### [WHAT THE EXERCISE ASKS]
The listing below contains a span that opens with the line containing "このスペースに大きな黒板を作" and closes with the line containing "Säljer ett Alex". Return that span exactly.

● ● ●

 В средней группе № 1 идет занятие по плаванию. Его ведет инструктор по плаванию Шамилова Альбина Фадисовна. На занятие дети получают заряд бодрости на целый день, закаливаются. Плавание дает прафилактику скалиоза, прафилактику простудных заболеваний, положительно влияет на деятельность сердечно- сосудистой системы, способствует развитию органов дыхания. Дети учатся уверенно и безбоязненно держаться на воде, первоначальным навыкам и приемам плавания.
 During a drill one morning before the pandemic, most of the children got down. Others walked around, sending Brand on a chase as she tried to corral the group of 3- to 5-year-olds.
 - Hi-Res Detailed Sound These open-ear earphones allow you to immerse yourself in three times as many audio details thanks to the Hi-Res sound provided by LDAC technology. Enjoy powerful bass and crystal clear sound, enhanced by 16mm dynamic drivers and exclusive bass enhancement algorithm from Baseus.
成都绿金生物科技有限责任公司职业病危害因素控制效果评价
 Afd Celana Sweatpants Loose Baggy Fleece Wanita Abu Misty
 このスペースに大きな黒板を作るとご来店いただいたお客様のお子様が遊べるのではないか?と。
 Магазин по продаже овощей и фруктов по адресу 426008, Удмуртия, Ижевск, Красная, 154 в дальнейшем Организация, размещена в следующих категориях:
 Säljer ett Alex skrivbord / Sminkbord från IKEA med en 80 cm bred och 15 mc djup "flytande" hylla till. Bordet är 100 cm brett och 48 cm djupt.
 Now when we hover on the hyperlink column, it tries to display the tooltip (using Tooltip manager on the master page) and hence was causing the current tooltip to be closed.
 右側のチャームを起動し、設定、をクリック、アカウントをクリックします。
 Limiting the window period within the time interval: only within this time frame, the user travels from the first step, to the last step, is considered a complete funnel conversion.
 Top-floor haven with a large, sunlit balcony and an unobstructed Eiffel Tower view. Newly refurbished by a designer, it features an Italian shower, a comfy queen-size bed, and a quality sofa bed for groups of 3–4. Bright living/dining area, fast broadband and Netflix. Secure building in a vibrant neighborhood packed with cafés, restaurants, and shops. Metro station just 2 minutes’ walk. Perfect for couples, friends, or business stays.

● ● ●

### [COMPLETED EXERCISE]
 このスペースに大きな黒板を作るとご来店いただいたお客様のお子様が遊べるのではないか?と。
 Магазин по продаже овощей и фруктов по адресу 426008, Удмуртия, Ижевск, Красная, 154 в дальнейшем Организация, размещена в следующих категориях:
 Säljer ett Alex skrivbord / Sminkbord från IKEA med en 80 cm bred och 15 mc djup "flytande" hylla till. Bordet är 100 cm brett och 48 cm djupt.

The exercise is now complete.